- _Work instruction_:
Repeat all the lines below exactly, but omit the pictures.

- _The data_:
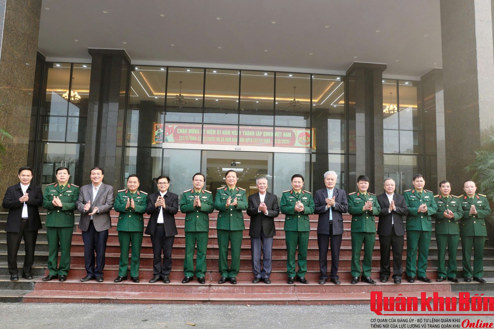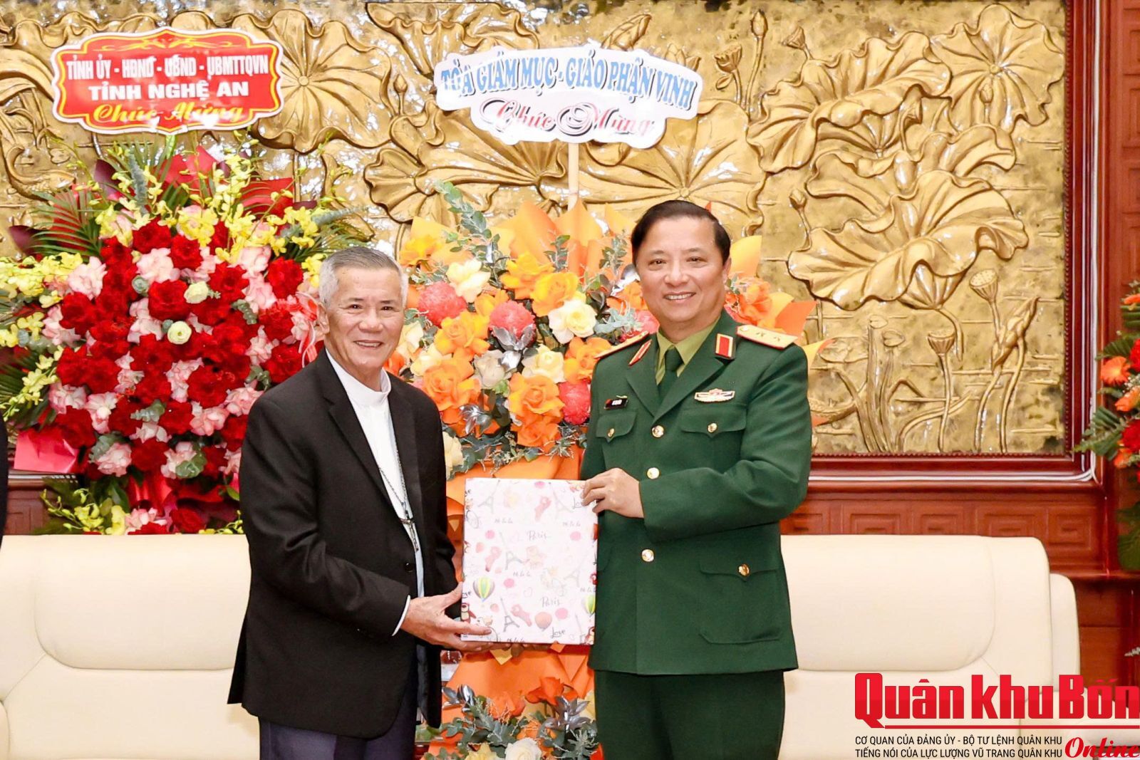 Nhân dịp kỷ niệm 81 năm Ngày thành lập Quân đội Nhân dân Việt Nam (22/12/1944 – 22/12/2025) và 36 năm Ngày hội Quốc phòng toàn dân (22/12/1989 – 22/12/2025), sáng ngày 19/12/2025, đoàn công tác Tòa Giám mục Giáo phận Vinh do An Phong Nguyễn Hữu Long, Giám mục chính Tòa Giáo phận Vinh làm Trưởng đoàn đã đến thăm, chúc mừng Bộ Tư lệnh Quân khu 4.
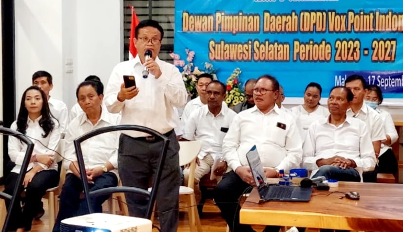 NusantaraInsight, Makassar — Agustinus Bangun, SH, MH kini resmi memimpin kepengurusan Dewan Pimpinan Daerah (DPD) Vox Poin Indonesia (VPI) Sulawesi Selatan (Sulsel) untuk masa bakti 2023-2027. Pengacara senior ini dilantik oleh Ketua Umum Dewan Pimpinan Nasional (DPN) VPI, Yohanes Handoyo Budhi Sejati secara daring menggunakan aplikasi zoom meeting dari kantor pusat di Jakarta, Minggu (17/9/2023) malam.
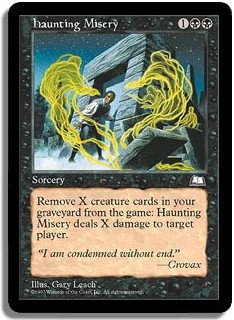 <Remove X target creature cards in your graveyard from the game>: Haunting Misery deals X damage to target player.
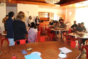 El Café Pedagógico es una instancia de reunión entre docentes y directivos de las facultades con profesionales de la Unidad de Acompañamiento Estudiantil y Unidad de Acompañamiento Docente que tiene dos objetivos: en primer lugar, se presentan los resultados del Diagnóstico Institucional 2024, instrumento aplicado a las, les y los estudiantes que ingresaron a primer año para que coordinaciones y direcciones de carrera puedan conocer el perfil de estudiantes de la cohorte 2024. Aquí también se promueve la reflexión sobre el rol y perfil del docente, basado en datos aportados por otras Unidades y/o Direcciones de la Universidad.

- _Solution below_:
 Nhân dịp kỷ niệm 81 năm Ngày thành lập Quân đội Nhân dân Việt Nam (22/12/1944 – 22/12/2025) và 36 năm Ngày hội Quốc phòng toàn dân (22/12/1989 – 22/12/2025), sáng ngày 19/12/2025, đoàn công tác Tòa Giám mục Giáo phận Vinh do An Phong Nguyễn Hữu Long, Giám mục chính Tòa Giáo phận Vinh làm Trưởng đoàn đã đến thăm, chúc mừng Bộ Tư lệnh Quân khu 4.
 NusantaraInsight, Makassar — Agustinus Bangun, SH, MH kini resmi memimpin kepengurusan Dewan Pimpinan Daerah (DPD) Vox Poin Indonesia (VPI) Sulawesi Selatan (Sulsel) untuk masa bakti 2023-2027. Pengacara senior ini dilantik oleh Ketua Umum Dewan Pimpinan Nasional (DPN) VPI, Yohanes Handoyo Budhi Sejati secara daring menggunakan aplikasi zoom meeting dari kantor pusat di Jakarta, Minggu (17/9/2023) malam.
 <Remove X target creature cards in your graveyard from the game>: Haunting Misery deals X damage to target player.
 El Café Pedagógico es una instancia de reunión entre docentes y directivos de las facultades con profesionales de la Unidad de Acompañamiento Estudiantil y Unidad de Acompañamiento Docente que tiene dos objetivos: en primer lugar, se presentan los resultados del Diagnóstico Institucional 2024, instrumento aplicado a las, les y los estudiantes que ingresaron a primer año para que coordinaciones y direcciones de carrera puedan conocer el perfil de estudiantes de la cohorte 2024. Aquí también se promueve la reflexión sobre el rol y perfil del docente, basado en datos aportados por otras Unidades y/o Direcciones de la Universidad.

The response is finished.